The story that Ovid tells is, in any case, a wonderfully suggestive one, presumably accounting for its strong attraction for poets and translators. The hunt is itself a potent idea, especially the sexual politics of the hunter become the hunted, the mortal man doomed by the arbitrary act of the divine woman. Or is it arbitrary, since the intrusion may be seen as not merely a social solecism but a sacrilegious blunder, a subversion of the natural order? As for the metamorphosis, the transformation, every translation – perhaps every work of art – can be seen as a metamorphic act. But another attraction is surely the tumultuous unfurling in Actaeon’s mind, the dizzying terror, the internal screaming as the words come to his lips, the things he would utter ­ – but his power of speech is gone, his human faculties fled.

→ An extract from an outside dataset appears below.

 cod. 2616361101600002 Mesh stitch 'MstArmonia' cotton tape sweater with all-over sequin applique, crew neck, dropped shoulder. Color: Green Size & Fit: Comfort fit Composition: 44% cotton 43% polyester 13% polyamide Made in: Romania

Here’s a favourite recent telling of the tale, by Lavinia Greenlaw:

He walks his mind as a forest
and sends of himself into dark places
to which he cannot tell the way.
The hunt comes on and he in his nerves
streams ahead – hounds flung after
a scent so violent no matter the path
or what’s let fall.
A burst of clearing.
Water beads and feathers her presence
as she thickens and curves.
He says words to himself not to look
but his eyes are of their own
and she at their centre a dark star
contracted to itself discarding
wave on wave on flare on fountain.
His skull erupting, branching . . .
And his blood is shaken down.
And he is all fours.
And his noise.
And his hounds.[12]

 

References

[1] A. E. Stallings, ‘Actaeon’, published in Poetry (May 2003).

[2] Ezra Pound, The ABC of Reading (London: Faber and Faber, 1961), 127; How to Read (London: Desmond Harmsworth, 1931), 45.

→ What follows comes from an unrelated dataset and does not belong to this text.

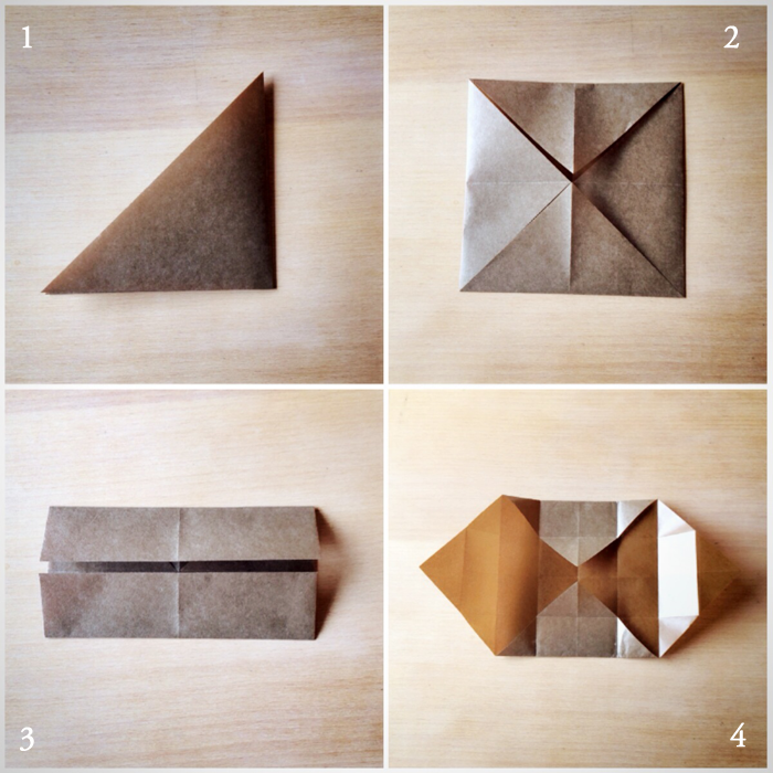 紙を使ったラッピングアイデア。正方形の紙を折って、ちょっとした小箱に。

[3] Confucius to Cummings: An Anthology of Poetry, edited by Ezra Pound and Marcella Spann (New York: New Directions, 1964), 37, 40-41.

[4] After Ovid: New Metamorphoses, edited by Michael Hofmann and James Lasdun (London: Faber and Faber, 1994), 3-20, 94-109, 114-117, 245-258.

[5] Ted Hughes, Collected Poems, edited by Paul Keegan (London: Faber and Faber, 2003), 937.

[6] Ovid, Metamorphoses, III, 140-142, translated by A. D. Melville (Oxford: Oxford University Press, 1987), 55. In a note (392), Melville suggests that Ovid had his own case in mind here, having insisted that the offence for which he was exiled was an error rather than a crime.

[7] Lisa Halliday, Asymmetry (London: Granta Books, 2018), 188.

[8] Ford Madox Ford, The Young Lovell: A Romance (London: Chatto & Windus, 1913), 27. On Actaeon’s connection to Peire Vidal in The Good Soldier, see my ‘“Speak Up, Fordie!”: How Some People Want to Go to Carcassonne’, in Ford Madox Ford and the City: International Ford Madox Ford Studies 4, edited by Sara Haslam (Amsterdam: Rodopi, 2005), 204.

[9] Ford Madox Ford, It Was the Nightingale (London: Heinemann, 1934), 262.

[10] Ezra Pound, ‘Actaeon: The Coming of War’, Ezra Pound: Poems and Translations, edited by Richard Sieburth (New York: Library of America, 2003), 285.

[11] James Longenbach, Stone Cottage: Pound, Yeats and Modernism (New York: Oxford University Press, 1990), 124.

[12] Lavinia Greenlaw, ‘Actaeon’, The Casual Perfect (London: Faber & Faber, 2011), 13.